2.1 Geometric Transformations

This section explains how to use geometric transformations to create various augmentation techniques.

  1. a.

    Flipping

    A flip is a motion in geometry in which an object is turned over a straight line to form a mirror image. A flip is also called a reflection. Flipping the X axis is more common than flipping the Y axis. It is one of the easier augmentation techniques which has been recognized to work on datasets like ImageNet and CIFAR-10. It is not a label-protective transformation on datasets [1].

  2. b.

    Color space

    A tensor of the dimension is commonly used to encode digital image data. Another method which is quite feasible to implement is doing augmentations in the color channels space. Color augmentation can be as simple as separating a single-color channel like R, G, or B. A picture can be rapidly transformed into another picture in one color channel by dividing a matrix and addition of two zero matrices from the additional color stations. Using basic matrix operations, RGB values can be simply changed to enhance or lower the image’s brightness. Adjustments are made by altering the intensity levels in the histograms, similar to those found in photo editing software [2].

  3. c.

    Cropping

    Cropping photographs with varied height and width proportions are used as a valued processing step for image data. Furthermore, Random cropping can be used to create a similar effect to translations [1]. Random cropping varies from translations as it decreases the size of the input, whereas translations keep the image’s 3-D dimensions.

  4. d.

    Rotation

    The image can be rotated right or left on an axis between 1° and 359° in rotation augmentations. The rotation degree parameter has a great influence on the safety of rotation augmentations [2].

  5. e.

    Translation

    Continuously shifting images right, left, down, and up can be a highly beneficial alteration for avoiding data positional bias. For instance, if all images in a dataset are perfectly positioned, the model must be validated on such pictures. The leftover space can be occupied with a constant value for example 0 s or 255 s, when the original picture is translated in a direction. This filling keeps image’s 3-D dimensions after it is been augmented.

  6. f.

    Noise injection

    It is the process of inserting a matrix of arbitrary values, generally derived from Gaussian distribution. Addition of noise to photos can aid CNNs in recognizing further distinct features [3]. An excellent approach to cope with training data positional biases is Geometric transformation. There are a variety of biases that might cause training data distributions to deviate from testing data distributions. Geometric transformations are also advantageous because they are simple to apply. Increased memory, additional training time, and transformation computation costs are some of the drawbacks of geometric transformations [4].

2.2 Color Space Transformations

The picture data is divided in 3 matrices, which has a different size. These matrices signify the pixel values for each RGB color. Igniting biases are one of the most common problems that image recognition face. As a result, determining the efficiency of color space modifications (photometric transformations) is quite straightforward. Twisting over the photos and reducing or growing the pixel values by a fixed value is an easy solution for very bright or shady images. Another simple color space transformation is merging out individual RGB color matrices. Limiting pixel values to a defined least or extreme value is another adjustment. The inherent representation of color in digital photographs allows for a wide range of augmentation approaches. This transformation can also be used in image-editing software [5]. Converting RGB matrices into a single grayscale image simplifies the representation of picture datasets. There are various ways to express digital color, such as HSV, besides RGB versus grayscale photos [6].
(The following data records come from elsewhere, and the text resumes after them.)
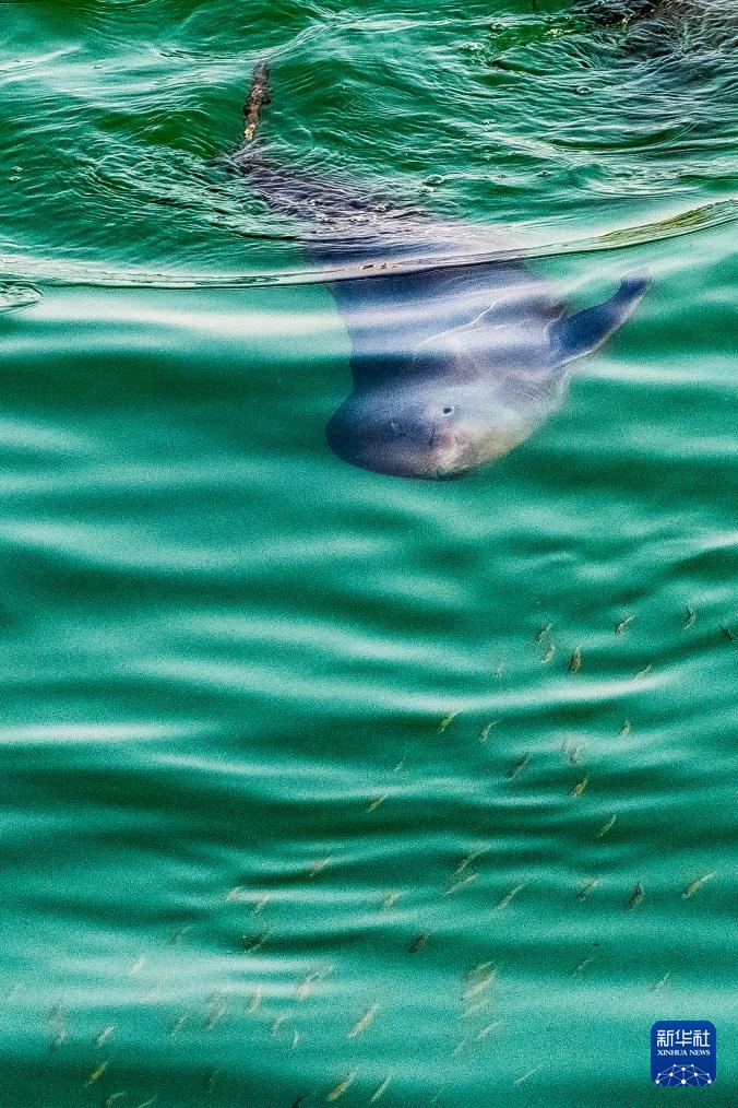 2023年2月19日,在湖北宜昌市江邊,長(zhǎng)江江豚在水中捕食。
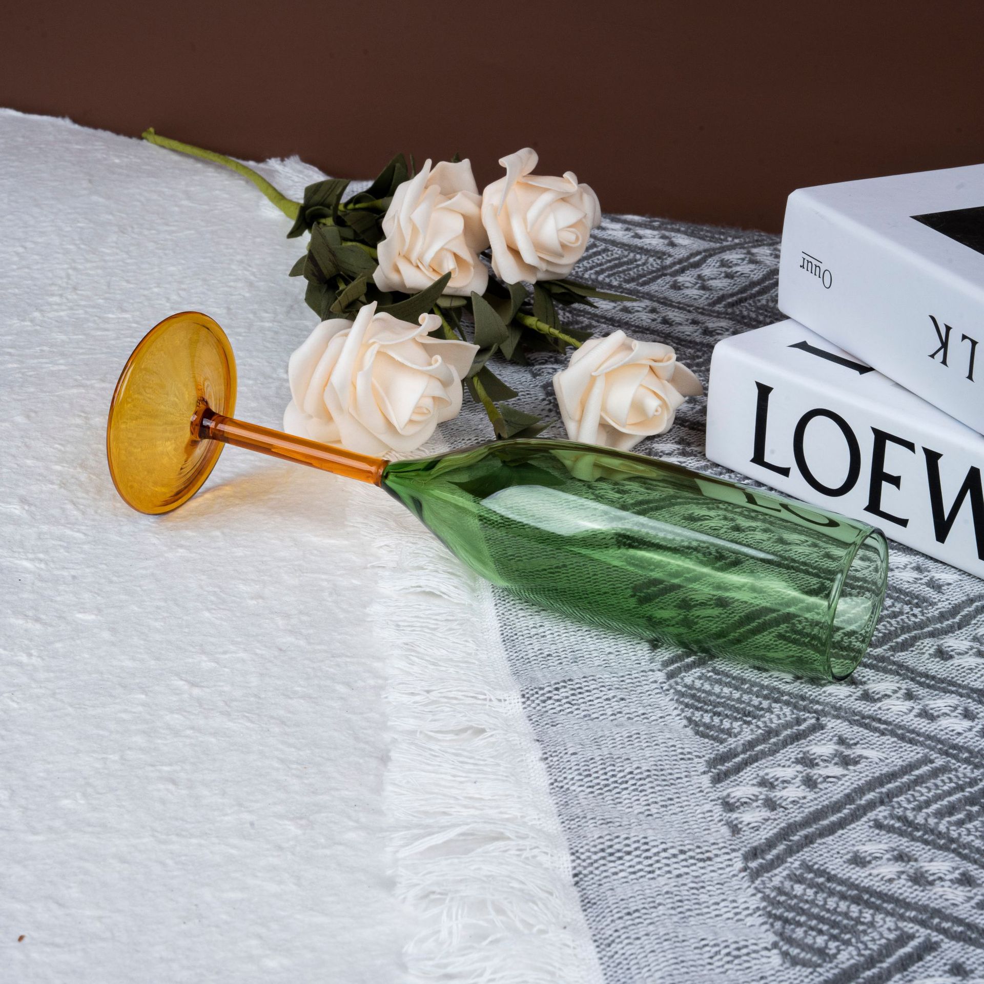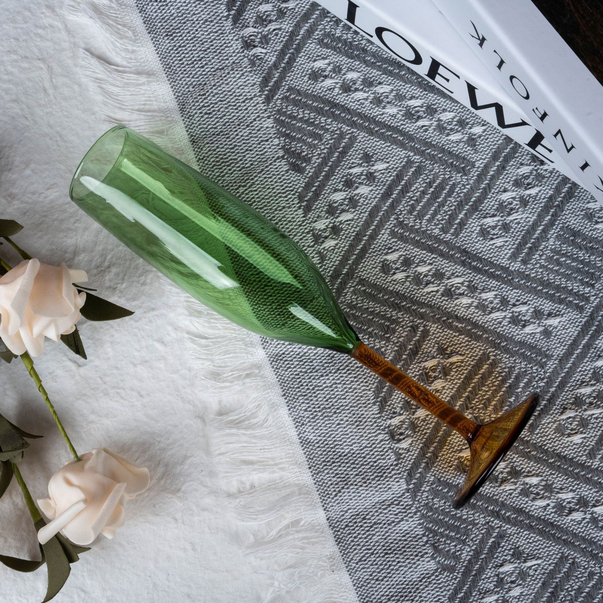 现代简约彩色高脚香槟杯琥珀底座浅绿杯身家用甜品杯酒杯
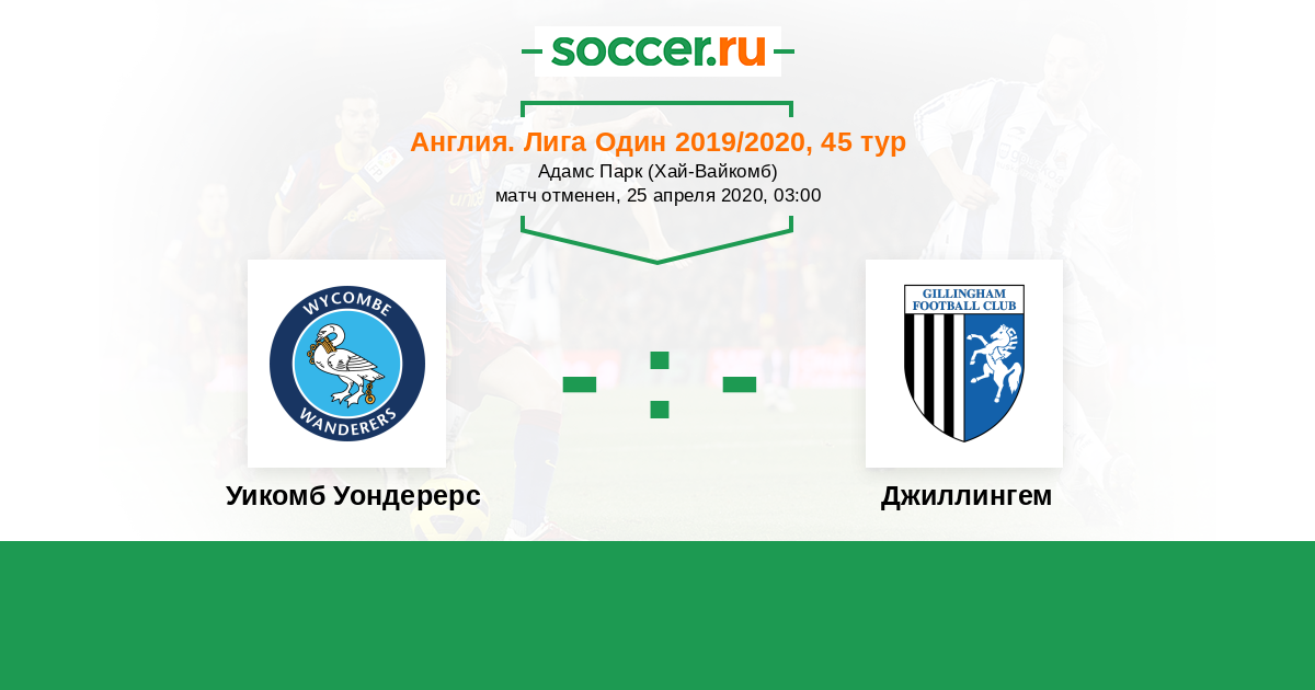 Англия. Первая Футбольная Лига 23.02.2019 Уикомб Уондерерс Логотип футбольный клуб Уикомб Уондерерс (Хай-Вайкомб) 0:1 Логотип футбольный клуб Джиллингем Джиллингем

Color space conversions have several drawbacks, including bigger memory, cost of transformation, and time required for training. Because color modifications might potentially remove important color information, they are not necessarily a label-preserving alternative [7].

2.3 Kernel Filters

These are a type of image processing technique that can be used to improve and shape images. These filters use Gaussian blur filter to move a nxn matrix across an image, resulting in sharpy image along the edges. When pictures are blurred on the fly for data augmentation, they may be more resistant to gesture blur in testing. Furthermore, when images are refined for data augmentation, additional details about things of interest may be recorded. Sharpening and blurring are two examples of how kernel filters can be used on pictures. Kernel filters function better as a network layer rather than as a data augmentation dataset addition [8].

2.4 Mixing Images

A method of data augmentation that involves combining images by be around their pixel values is paradoxical. To a human viewer, the visuals created by this method will not appear to be a useful alteration. Another finding of the study is that when photos from the complete training set were mixed instead of instances from the same class, better results were obtained [9, 10].
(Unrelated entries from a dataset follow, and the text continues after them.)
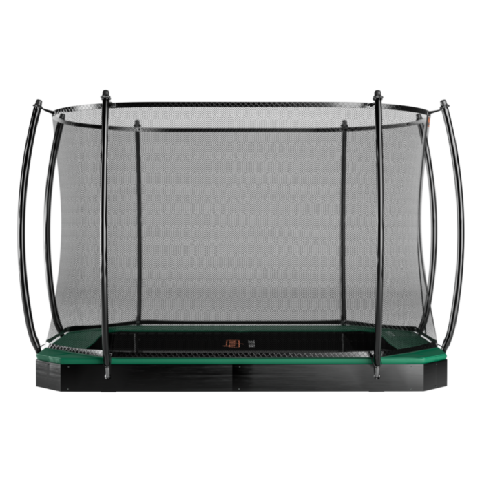This FlatLevel trampoline is made of the best materials and is eqquipped with a green safety pad, double galvanized springs, a flexible jumping mat for optimal jump comfort and a black safety net. The jumping mat has an open structure which makes you jump higher and better. Our FlatLevel trampolines are best sellers and very populair nowadays. The FlatLevel trampoline will be completely buried into the ground, in comparison with our InGround trampolines (20 cm above the ground).
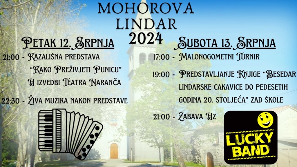 Narednog vikenda, 12. i 13. srpnja je Mohorova u Lindaru! Spremili su Lindarci u suradnji s Gradom Pazinom zanimljiv i sadržajan program.
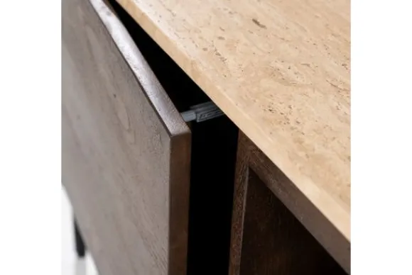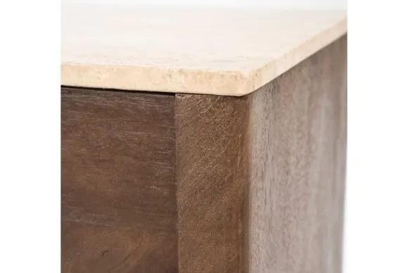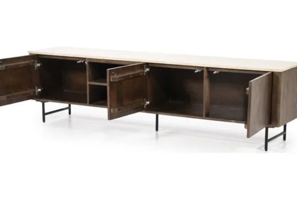 Het tv-meubel is gemaakt van mangohout. Dit hout heeft zichtbare kleurschakeringen en natuurlijke verschillen in het oppervlak. Mangohout is stevig en geschikt voor dagelijks gebruik. Het blad boven de deuren is uitgevoerd in travertin. Dit is een natuursteen in een lichte beige tint met kleine open structuren. Travertin is sterk en eenvoudig schoon te maken met een licht vochtige doek.
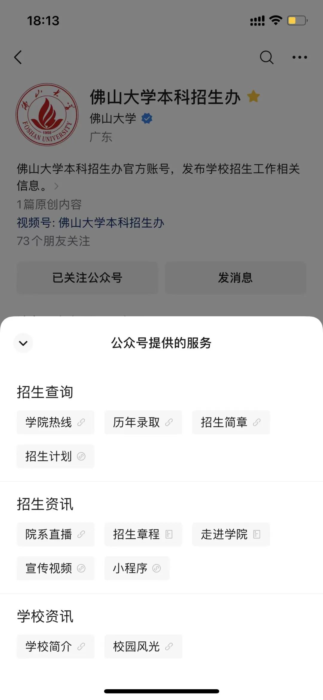 关注“佛山大学本科招生办”微信公众号,点击菜单栏“招生资讯-院系直播”,即可进入活动回放,10大专题,19个学院(部)老师为你揭秘佛大专业!
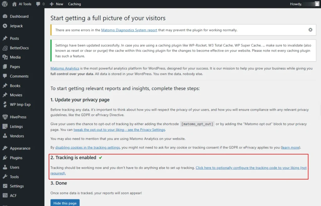 This means your tracking is up and running: no further setup is needed. If you’d like, you can click here to customize the tracking code, though it’s completely optional. After some visits are recorded, your reports will appear in the dashboard.
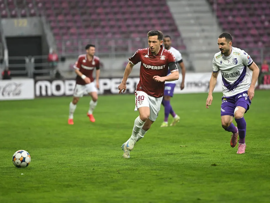 Olimpiu Vasile Morutan si Laurentiu Ionut Radescu in meciul de fotbal dintre Rapid Bucuresti si FC Arges, din cadrul Play off-ului Superligii Superbet, desfasurat pe Superbet Arena-Giulesti din Bucuresti, luni 13 aprilie 2026. © FOTO:Razvan Pasarica/SPORT PICTURES

This strategy has the obvious disadvantage of making little sense from a human standpoint. It is tough to comprehend or express the performance improvement that comes from combining images. One possibility is that as the dataset size grows, low-level properties like lines and edges become more robustly represented. The act of this strategy in comparison to pertaining methods and transfer learning is an intriguing field for further research. Other strategies for learning low-level properties in CNNs include transfer learning and pertaining [11, 12].

2.5 Random Erasing

It is a data augmentation technique invented by Zhong et al. Random erasing is related to dropout regularization, and it is based on dropout regularization mechanics. This method was developed to overcome occlusion-related image identification challenges. When some sections of an object are obscured, this is referred to as occlusion. Random erasure prevents this through encouraging the model to acquire additional graphic features of image, avoiding it from becoming fixated on a single graphic component [13]. Random erasing is a potential approach for guaranteeing that a network considers entire image instead of just a section of image, aside from the occlusion visual problem. Random erasing selects nxm pixels in a picture at random and masks them with 0 s, 255 s, random values or mean pixel values [14]. Additional augmentation methods, like color filters or horizontal flip, can be built on top of this augmentation method. Random erasing has the drawback of not necessarily being a label-preserving change. [15].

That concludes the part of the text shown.